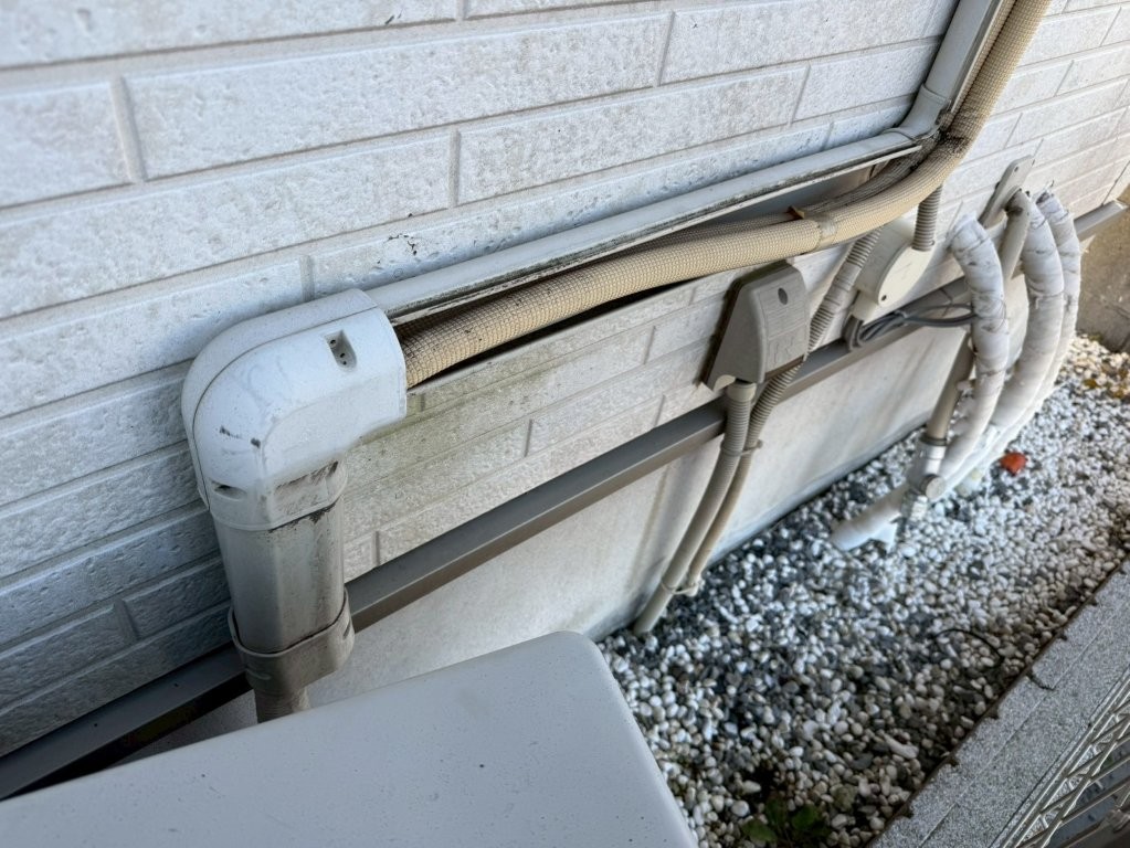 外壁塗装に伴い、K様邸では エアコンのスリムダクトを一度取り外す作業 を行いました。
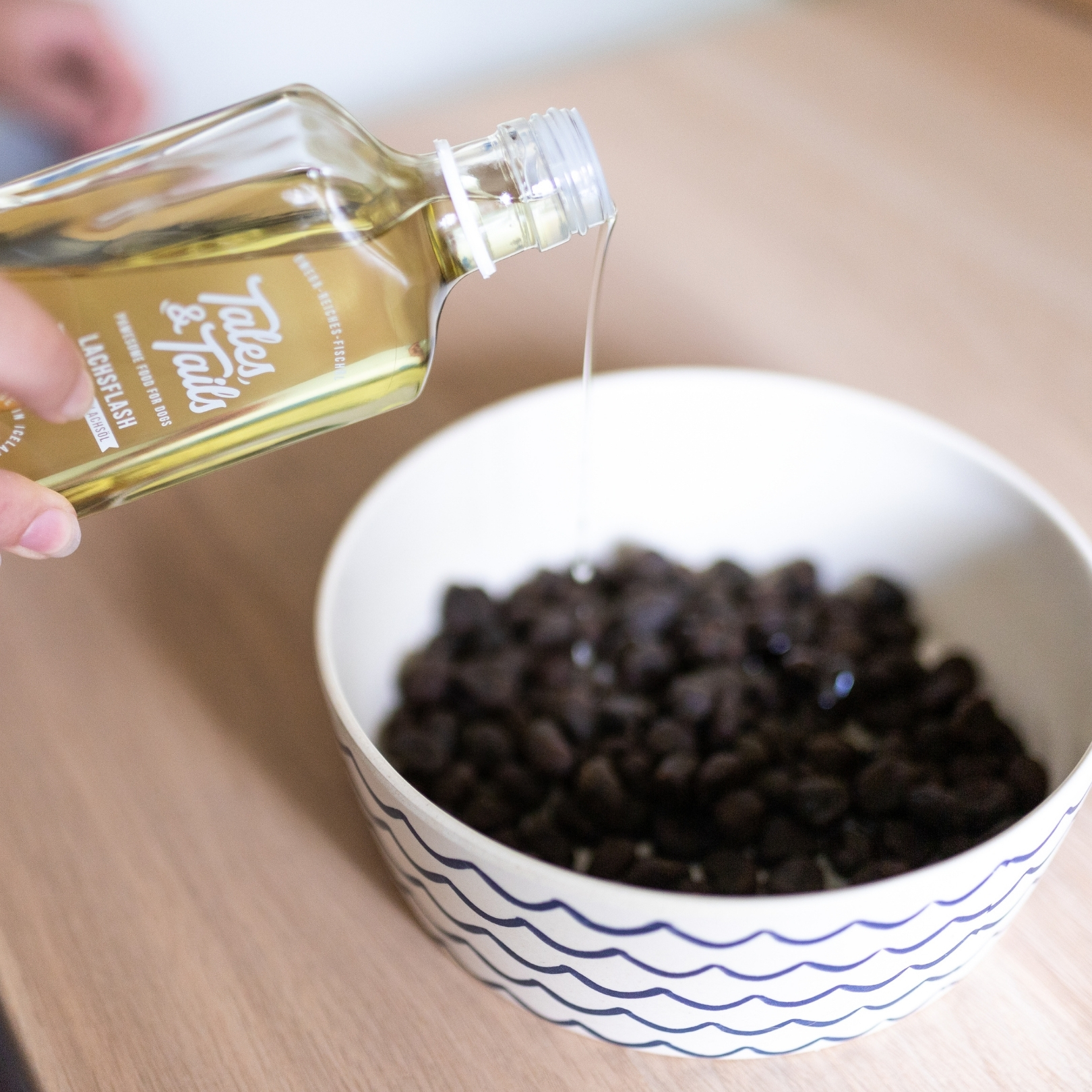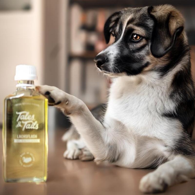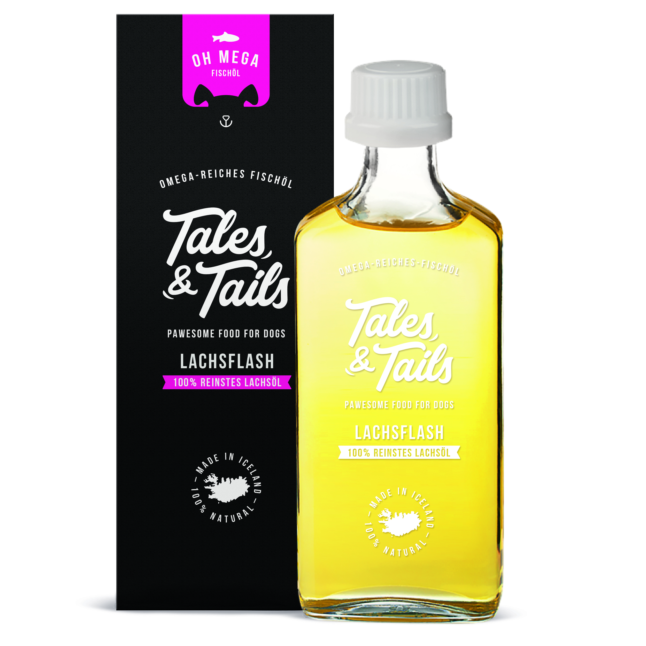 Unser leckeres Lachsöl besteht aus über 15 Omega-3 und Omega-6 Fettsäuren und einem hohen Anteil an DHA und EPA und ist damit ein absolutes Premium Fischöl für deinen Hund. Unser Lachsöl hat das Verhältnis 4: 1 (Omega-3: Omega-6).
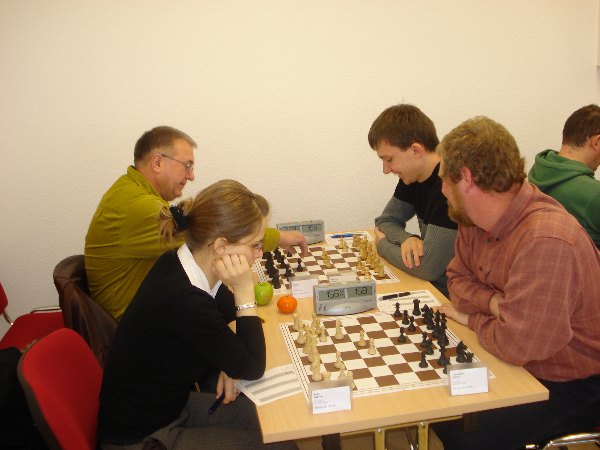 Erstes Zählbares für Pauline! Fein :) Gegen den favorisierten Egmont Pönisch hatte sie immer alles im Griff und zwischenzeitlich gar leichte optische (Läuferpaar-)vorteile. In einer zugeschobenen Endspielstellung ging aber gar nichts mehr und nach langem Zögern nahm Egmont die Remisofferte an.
---
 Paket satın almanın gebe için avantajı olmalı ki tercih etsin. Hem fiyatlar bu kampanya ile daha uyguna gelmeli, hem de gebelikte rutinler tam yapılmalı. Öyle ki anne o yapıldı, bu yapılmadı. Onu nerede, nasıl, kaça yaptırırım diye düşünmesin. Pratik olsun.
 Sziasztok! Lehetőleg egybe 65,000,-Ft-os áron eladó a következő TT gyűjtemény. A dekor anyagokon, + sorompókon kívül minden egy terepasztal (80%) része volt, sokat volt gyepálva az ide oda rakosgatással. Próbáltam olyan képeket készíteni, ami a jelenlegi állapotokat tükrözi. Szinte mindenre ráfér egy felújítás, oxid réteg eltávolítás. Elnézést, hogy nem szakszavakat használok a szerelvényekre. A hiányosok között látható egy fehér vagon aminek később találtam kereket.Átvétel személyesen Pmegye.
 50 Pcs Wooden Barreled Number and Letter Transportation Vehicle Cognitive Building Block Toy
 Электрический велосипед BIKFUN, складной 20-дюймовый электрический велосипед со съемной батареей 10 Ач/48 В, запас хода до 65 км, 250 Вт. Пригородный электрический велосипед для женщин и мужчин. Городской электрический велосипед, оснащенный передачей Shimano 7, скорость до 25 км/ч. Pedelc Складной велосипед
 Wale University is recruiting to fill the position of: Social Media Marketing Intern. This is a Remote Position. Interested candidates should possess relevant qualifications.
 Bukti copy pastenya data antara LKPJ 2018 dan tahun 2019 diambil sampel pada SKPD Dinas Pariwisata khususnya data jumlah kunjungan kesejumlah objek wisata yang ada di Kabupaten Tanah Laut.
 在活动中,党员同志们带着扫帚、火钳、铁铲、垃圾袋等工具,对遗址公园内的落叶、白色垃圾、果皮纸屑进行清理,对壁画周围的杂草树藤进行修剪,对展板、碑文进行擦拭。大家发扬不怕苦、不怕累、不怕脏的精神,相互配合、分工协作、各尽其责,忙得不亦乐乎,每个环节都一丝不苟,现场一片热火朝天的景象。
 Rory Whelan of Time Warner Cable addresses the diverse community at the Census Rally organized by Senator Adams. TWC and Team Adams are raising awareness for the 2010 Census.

▸ **PROBLEM REQUIREMENTS**: Taking the entries above, copy word for word the lines from the one with "Unser leckeres Lachsöl" up to and including the one with "Erstes Zählbares für", without any picture.

▸ **REPLY**:
 Unser leckeres Lachsöl besteht aus über 15 Omega-3 und Omega-6 Fettsäuren und einem hohen Anteil an DHA und EPA und ist damit ein absolutes Premium Fischöl für deinen Hund. Unser Lachsöl hat das Verhältnis 4: 1 (Omega-3: Omega-6).
 Erstes Zählbares für Pauline! Fein :) Gegen den favorisierten Egmont Pönisch hatte sie immer alles im Griff und zwischenzeitlich gar leichte optische (Läuferpaar-)vorteile. In einer zugeschobenen Endspielstellung ging aber gar nichts mehr und nach langem Zögern nahm Egmont die Remisofferte an.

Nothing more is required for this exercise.